• [TO DO]
Below, find the line containing "Diese grüne, graue" and the line containing "Kisfaludy Károly minden"; reproduce exactly those two and every line between them, omitting pictures.

INFORMATION SHOWN START

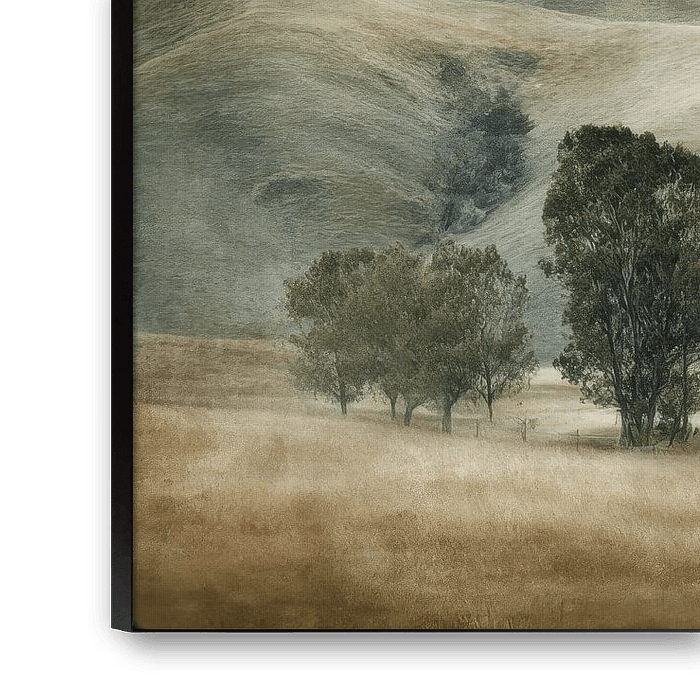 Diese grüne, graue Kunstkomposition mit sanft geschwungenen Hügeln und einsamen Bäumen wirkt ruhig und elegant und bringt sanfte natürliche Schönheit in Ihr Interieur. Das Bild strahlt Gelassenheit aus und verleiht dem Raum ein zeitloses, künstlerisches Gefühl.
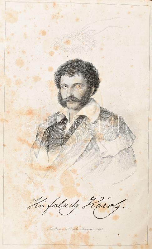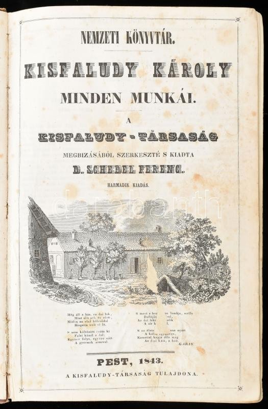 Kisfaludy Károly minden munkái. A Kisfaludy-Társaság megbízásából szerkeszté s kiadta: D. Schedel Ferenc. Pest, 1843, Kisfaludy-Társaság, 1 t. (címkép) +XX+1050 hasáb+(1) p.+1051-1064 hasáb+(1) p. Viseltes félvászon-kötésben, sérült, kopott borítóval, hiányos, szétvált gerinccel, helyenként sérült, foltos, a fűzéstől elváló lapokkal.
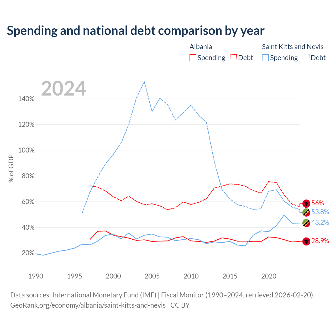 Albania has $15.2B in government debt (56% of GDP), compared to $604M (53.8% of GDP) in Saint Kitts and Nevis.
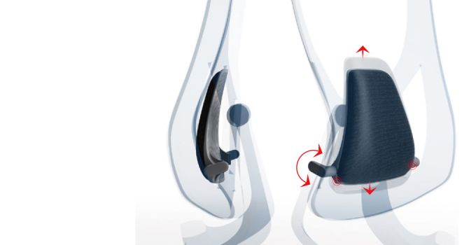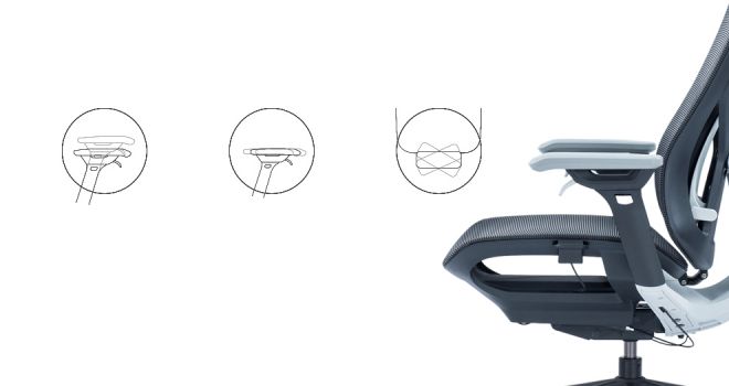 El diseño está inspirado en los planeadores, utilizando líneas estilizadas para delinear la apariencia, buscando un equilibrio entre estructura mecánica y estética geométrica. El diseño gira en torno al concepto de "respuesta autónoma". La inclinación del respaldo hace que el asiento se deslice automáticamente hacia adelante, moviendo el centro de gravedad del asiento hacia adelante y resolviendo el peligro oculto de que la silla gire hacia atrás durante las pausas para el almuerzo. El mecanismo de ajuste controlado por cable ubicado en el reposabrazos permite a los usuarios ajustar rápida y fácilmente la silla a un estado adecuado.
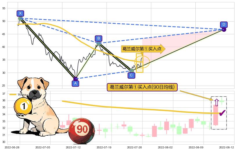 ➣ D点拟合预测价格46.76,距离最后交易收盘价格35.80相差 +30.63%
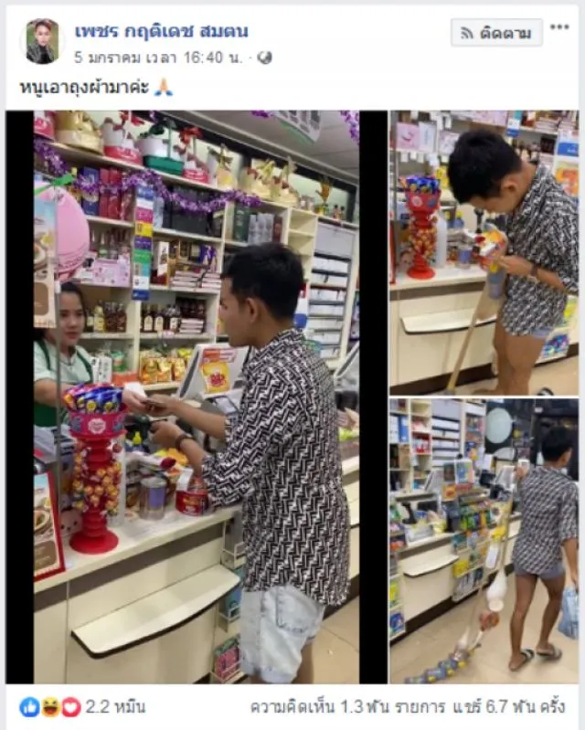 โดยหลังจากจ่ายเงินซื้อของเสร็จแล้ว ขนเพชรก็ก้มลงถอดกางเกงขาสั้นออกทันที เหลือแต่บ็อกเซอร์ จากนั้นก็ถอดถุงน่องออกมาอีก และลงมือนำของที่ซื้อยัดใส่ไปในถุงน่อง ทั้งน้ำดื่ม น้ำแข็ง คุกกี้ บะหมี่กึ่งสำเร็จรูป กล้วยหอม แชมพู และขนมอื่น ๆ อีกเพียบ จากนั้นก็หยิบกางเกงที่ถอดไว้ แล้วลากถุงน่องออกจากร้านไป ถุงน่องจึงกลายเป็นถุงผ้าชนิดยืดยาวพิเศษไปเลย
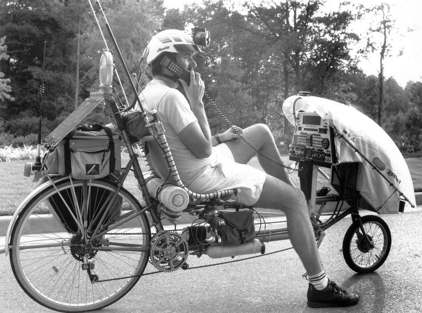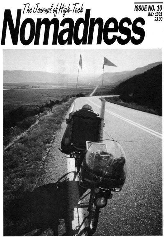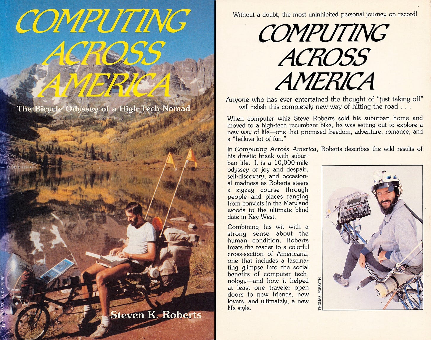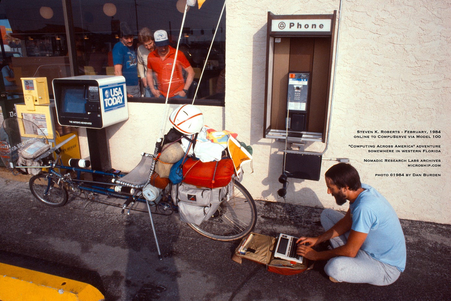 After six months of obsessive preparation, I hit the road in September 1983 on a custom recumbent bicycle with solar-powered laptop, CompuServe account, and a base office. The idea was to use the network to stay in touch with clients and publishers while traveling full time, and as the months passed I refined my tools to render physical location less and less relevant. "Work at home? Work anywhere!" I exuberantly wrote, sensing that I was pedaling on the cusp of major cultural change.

INFORMATION SHOWN END
INFORMATION SHOWN START

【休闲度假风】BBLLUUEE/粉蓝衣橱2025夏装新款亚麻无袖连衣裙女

INFORMATION SHOWN END
INFORMATION SHOWN START

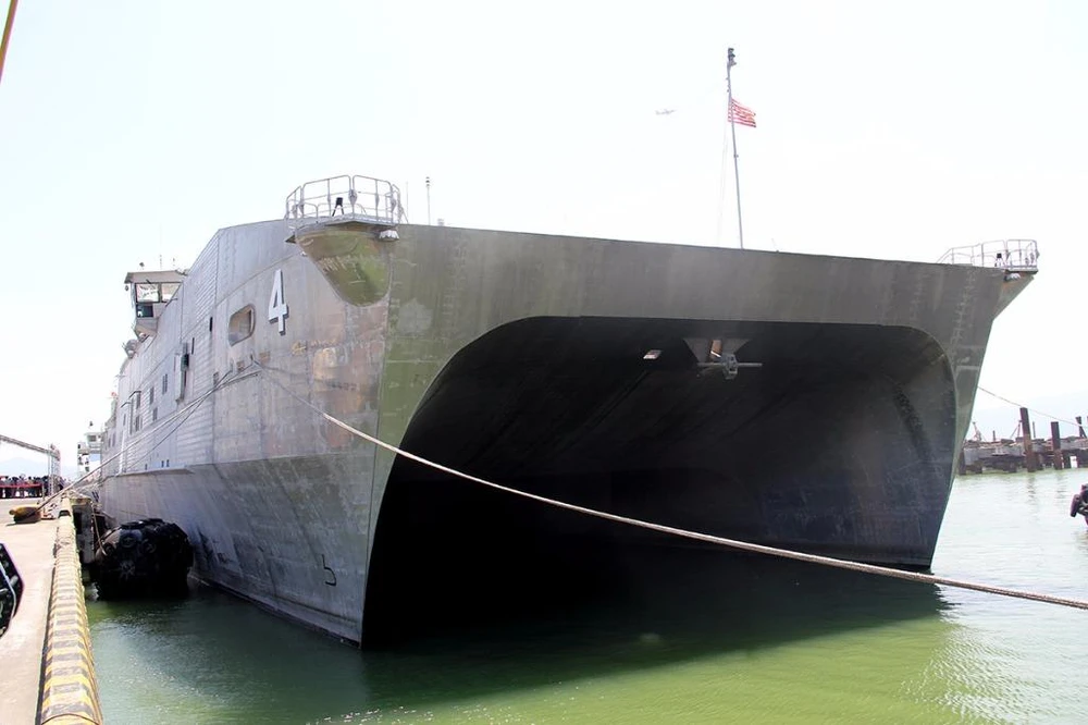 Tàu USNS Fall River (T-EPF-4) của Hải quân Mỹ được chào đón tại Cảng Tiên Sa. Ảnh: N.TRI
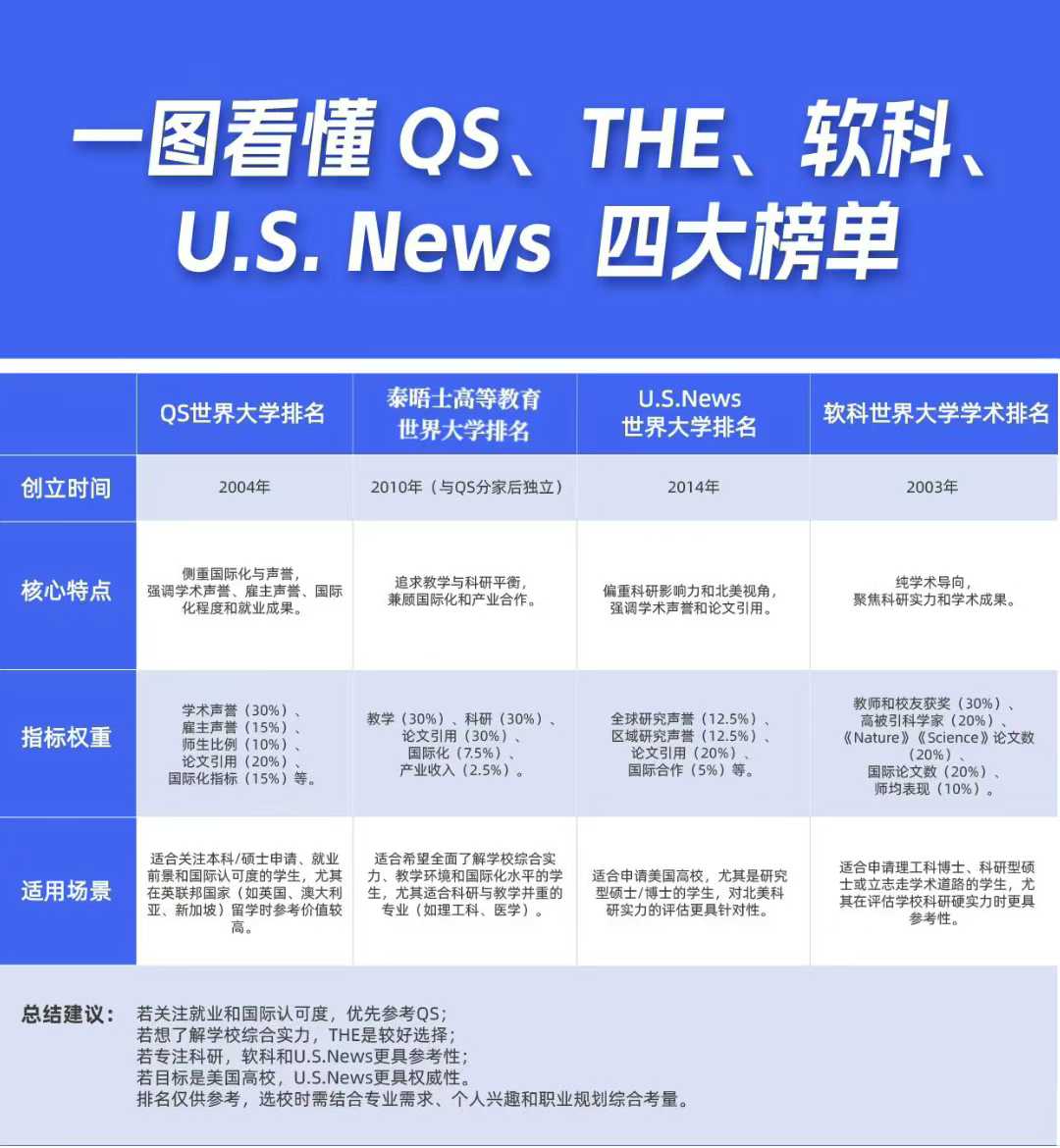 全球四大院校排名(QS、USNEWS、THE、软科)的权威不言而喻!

INFORMATION SHOWN END

• [RESULT BELOW]
 Diese grüne, graue Kunstkomposition mit sanft geschwungenen Hügeln und einsamen Bäumen wirkt ruhig und elegant und bringt sanfte natürliche Schönheit in Ihr Interieur. Das Bild strahlt Gelassenheit aus und verleiht dem Raum ein zeitloses, künstlerisches Gefühl.
 Kisfaludy Károly minden munkái. A Kisfaludy-Társaság megbízásából szerkeszté s kiadta: D. Schedel Ferenc. Pest, 1843, Kisfaludy-Társaság, 1 t. (címkép) +XX+1050 hasáb+(1) p.+1051-1064 hasáb+(1) p. Viseltes félvászon-kötésben, sérült, kopott borítóval, hiányos, szétvált gerinccel, helyenként sérült, foltos, a fűzéstől elváló lapokkal.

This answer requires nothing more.